Пожалуй, никто так не содействовал осмыслению процесса интернализации, освоения групповых норм и стандартов, как американский социальный психолог Джордж Герберт Мид. Прежде всего он ввел основные понятия для описания процесса получения важнейших навыков социальной жизни, и с тех пор эти понятия широко используются в социологии. Самыми известными среди них являются понятия “I” (“Я”) и “Me” (“Меня”, “Мне”), отражающие двойственность личности, как бы разделейность ее на две части: внешнюю (точнее, ту, которая, как кажется человеку, привносится извне, из общества, его окружающего, в виде требований и образцов поведения) часть личности, т.е. “Me”; другая же часть, “I” — это внутренний стержень личности, с позиций которого рассматриваются, оцениваются, накапливаются и окончательно оформляются внешние социальные требования и ожидания. Роль, которую играет группа в формировании личности, проявляется посредством “Me”. Дети знают, что за ними наблюдают, их оценивают, наказывают, заставляют вести себя определенным образом, наставляют на путь истинный, если они выбиваются из колеи. Этот опыт откладывается в личности растущего ребенка, концентрируясь в образе тех ожиданий, которые предъявляют к нему (или к ней) другие. Они — другие — видимо, имеют какое-то средство для того, чтобы различать правильное и неправильное поведение.
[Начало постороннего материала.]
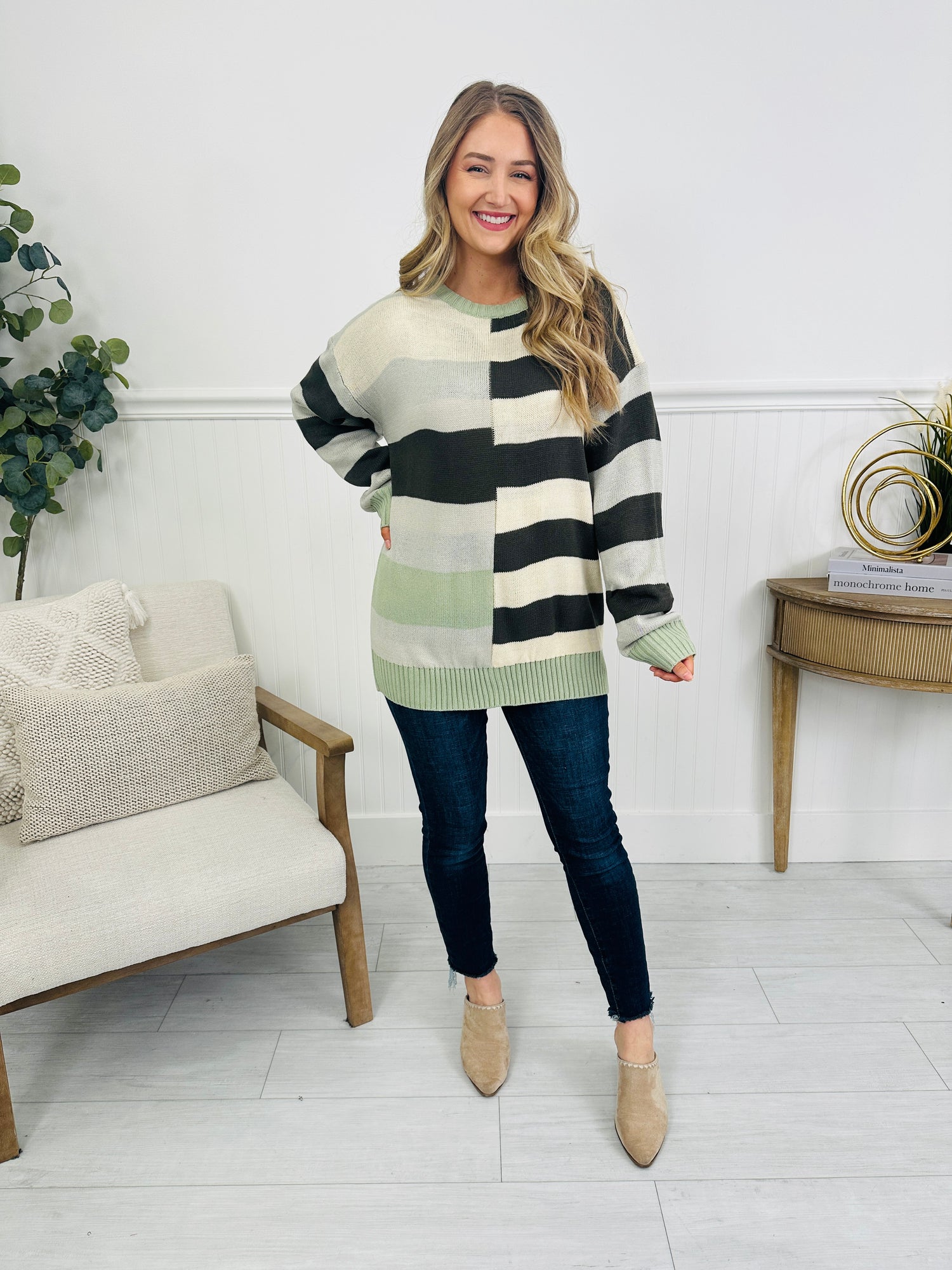 This sweater brings a playful twist to classic stripes with its patchwork-inspired layout and mix of wide and narrow bands. The relaxed, comfy fit makes it an easy throw-on piece you’ll reach for all season, and the banded neckline and trim add a polished finishing touch. Pair it with denim for an effortlessly cozy look that still stands out.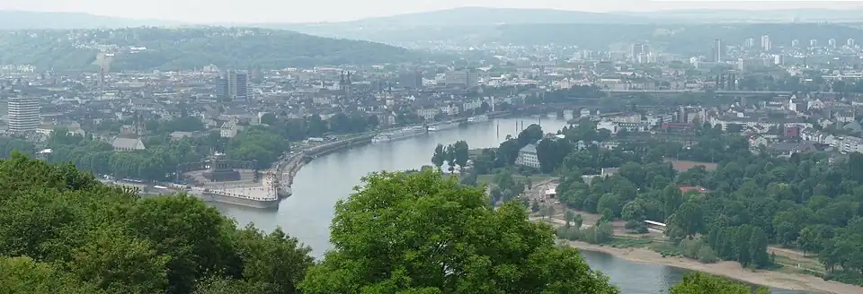 Koblenz is a city in the state of Rhineland-Palatinate in the Middle Rhine Valley in the Federal Republic of Germany. Koblenz has about 114,000 inhabitants (2019); the surrounding area accounts for about 400,000 people in total. The city is the northmost point of the Upper Middle Rhine Valley UNESCO World Heritage site.

Они поощряют правильное поведение и наказывают неправильное как отклонение от нормы. Воспоминания о поощряемых и наказуемых действиях постепенно смешиваются в неосознанное понимание правила — что ожидают и чего не ждут — внутри “Me”, которое является не чем иным, как образом личности, сложившимся об этом человеке как личности у других. Более того, “другие” — это не любые и не случайно попавшие в его окружение. Из множества людей, с которыми ребенок вступает в контакты, он как личность выбирает лишь некоторых, значимых других, а именно тех, чьи оценки и реакции значат для него гораздо больше, чем оценки кого бы то ни было, их оценки более устойчивы, постоянны и воспринимаются острее, а потому они и более эффективны.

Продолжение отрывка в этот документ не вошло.